### DATA BELOW
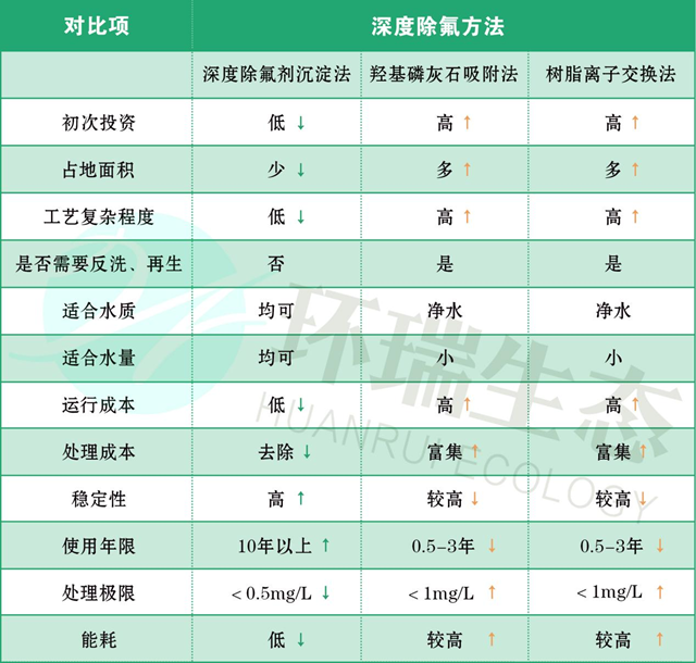 目前市面上經(jīng)過(guò)驗(yàn)證的深度除氟方法,能夠去除氟化物<1mg/L以下的主要包括離子交換法(樹(shù)脂離子交換法)、吸附法(Al2O3吸附法、羥基磷灰石吸附法等)、深度除氟劑沉淀法等。
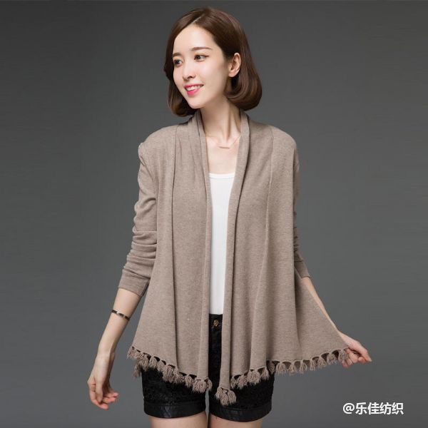 6、中长款披肩针织开衫 看似简单纯色经典的针织衫,实则很不简单哦~在下摆流苏细节方面,非常讨人喜欢,简约灵动的流苏,穿着起来非常显优雅气质。而且,还融入了一些女孩的甜美可爱感,瞬间就觉得层次感丰富呢。这么显气质的一款开衫针织,你值得拥有。
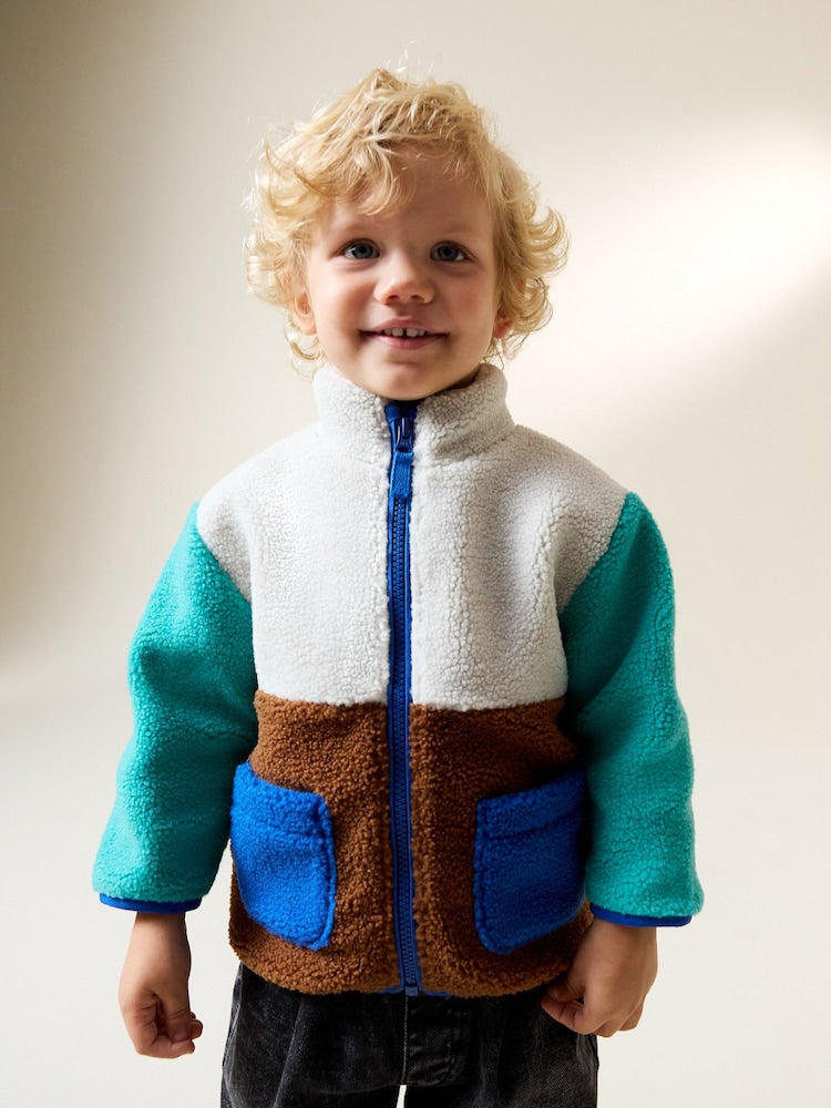 This fun colourblock funnel neck fleece is the perfect layer to keep him cosy. The soft fleece fabric and full zip through fastening provide warmth and easy wear. The contrasting block colours and funnel neck add a stylish touch to this practical piece.

### PROBLEM
A faithful, word-for-word copy of the data is needed; the pictures should not appear in it.

### RESULT OF THIS TASK
 目前市面上經(jīng)過(guò)驗(yàn)證的深度除氟方法,能夠去除氟化物<1mg/L以下的主要包括離子交換法(樹(shù)脂離子交換法)、吸附法(Al2O3吸附法、羥基磷灰石吸附法等)、深度除氟劑沉淀法等。
 6、中长款披肩针织开衫 看似简单纯色经典的针织衫,实则很不简单哦~在下摆流苏细节方面,非常讨人喜欢,简约灵动的流苏,穿着起来非常显优雅气质。而且,还融入了一些女孩的甜美可爱感,瞬间就觉得层次感丰富呢。这么显气质的一款开衫针织,你值得拥有。
 This fun colourblock funnel neck fleece is the perfect layer to keep him cosy. The soft fleece fabric and full zip through fastening provide warmth and easy wear. The contrasting block colours and funnel neck add a stylish touch to this practical piece.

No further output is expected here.